Breivik raises his arm in a Nazi salute at the court room in Skien prison, March 15 |
OSLO — Norway violated terrorist Anders Behring Breivik’s human rights by keeping him in a “completely locked world” after being sentenced for killing 77 people in twin attacks in 2011, a court ruled on Wednesday.
The ruling, which took many by surprise, found that the killer had been subjected to strip searches, had been woken up hourly by guards for long periods and that the authorities had done little to alleviate the impact of his isolation.
A survivor of Breivik’s shooting spree said the decision “feels a bit like being punched in the gut” and a newspaper editorial denounced the decision as “wrong”. A law professor said it was likely to be appealed.
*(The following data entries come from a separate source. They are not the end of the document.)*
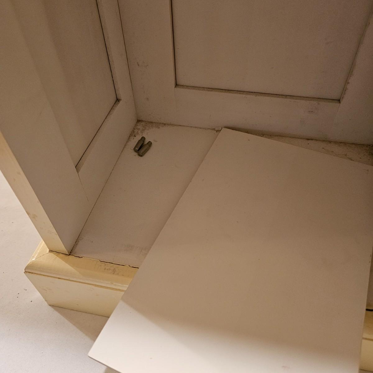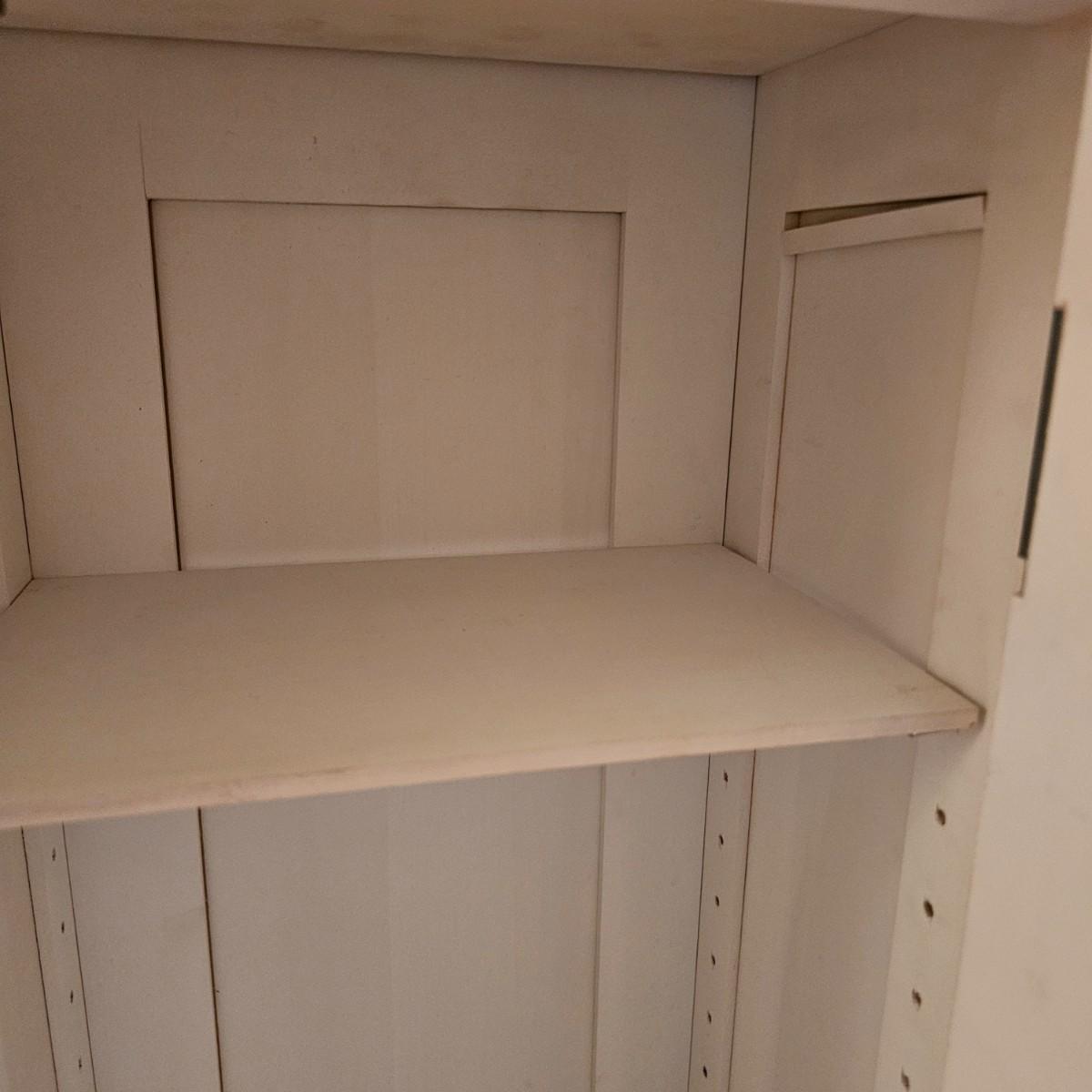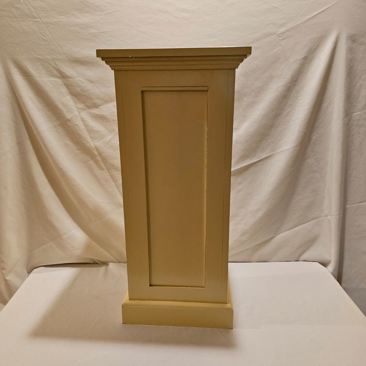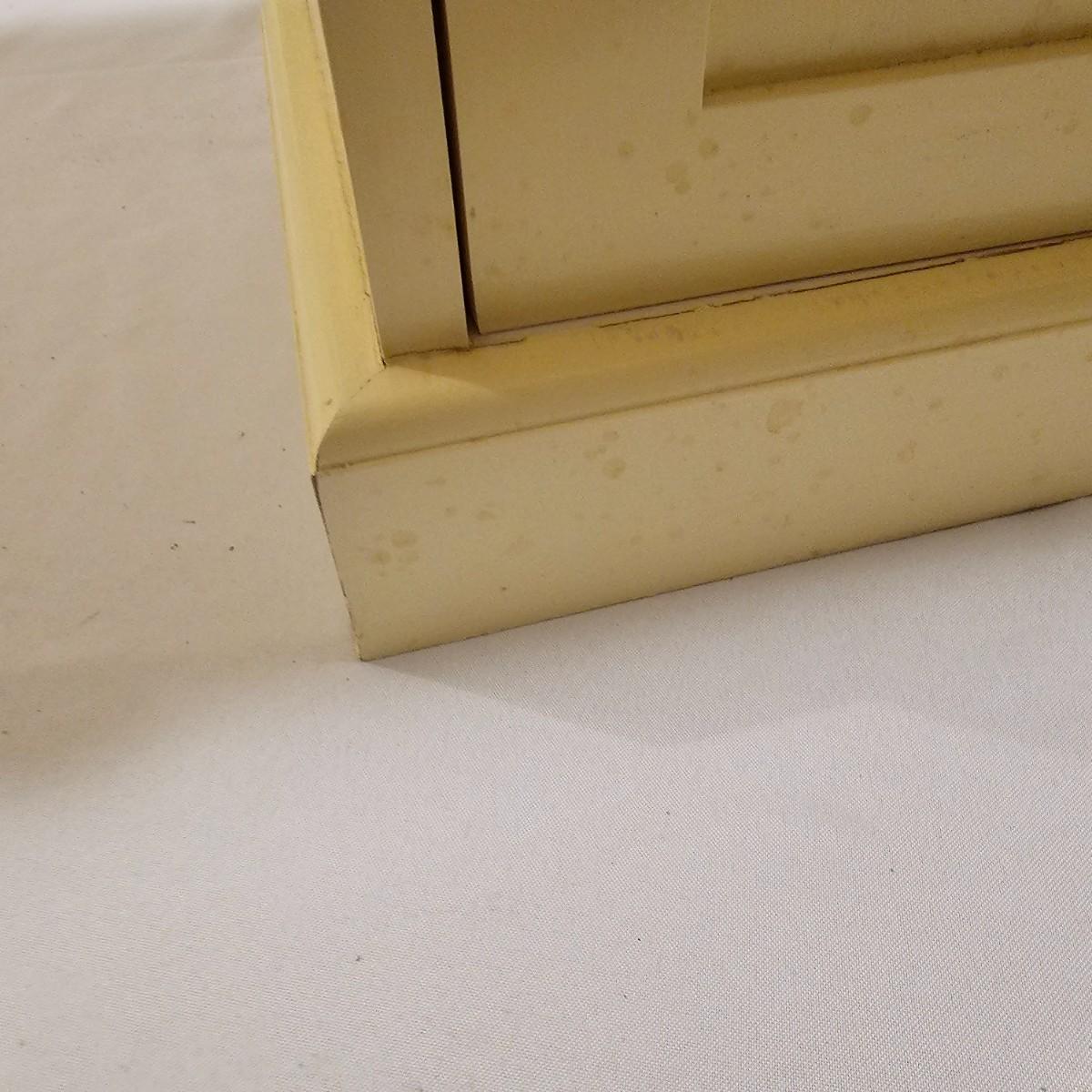 A small wooden storage cabinet painted pastel yellow. Ceramic painted knob on door opens to reveal space for two shelves, included. Two additional support pegs needed. Cabinet measures 15" x 11" x 32"H. See photos for details. Local pickup only.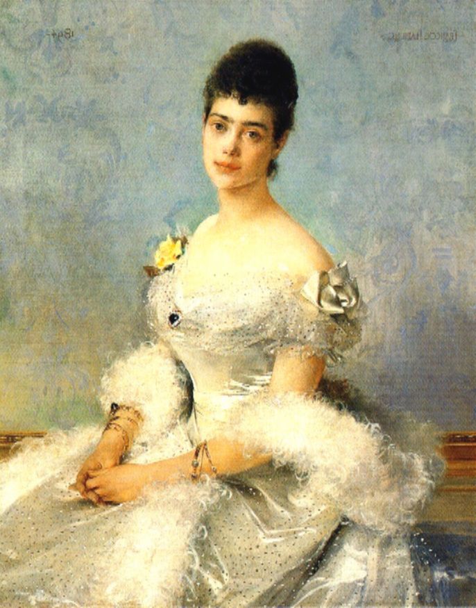 Волосы Ксении были положены длинными локонами, и на голове укреплена очень сложным способом драгоценная корона.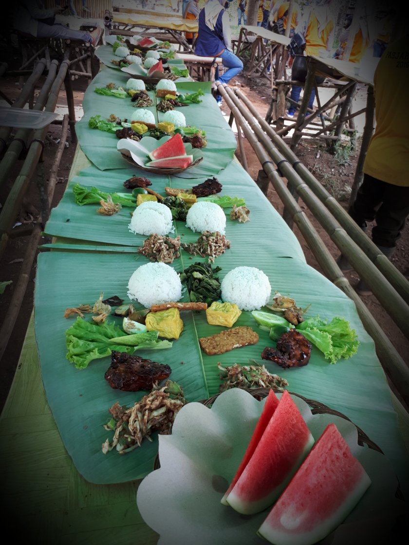 Di sesí makan siang, suasana semarak makan bersama beralas daun pisang di pinggir hutan melengkapi suasana ‘bermain di kebon’ semakin bermakna. Dilanjutkan acara semi formal dalam lomba sambutan serta bernyanyi bersama yang tak kalah ceria….. eh tidak lupa sebelumnya menyegarkan diri di hangatnya air panas sari ater Subang yang mengandung mineral multiguna.

Breivik killed eight people in a bomb attack in Oslo in July 2011 before attacking a youth meeting of the Labor Party on an island to the northwest of the capital, killing 69 people.
He took Norwegian authorities to court in March, accusing them of exposing him to inhuman, degrading treatment or punishment in breach of the European Convention on Human Rights.
Breivik protested his isolation from other inmates and from outsiders who are not professionals.
His isolation is “an inhuman treatment” in the meaning of the European convention, the court said, noting that all his visits, except for his mother who died in 2013, are from professionals, and only through a glass wall.
The state must pay Breivik’s legal fees of $40,732.45, the judge ruled.
Ahead of the verdict, lawyers for both parties said they would appeal if it did no go in their favor.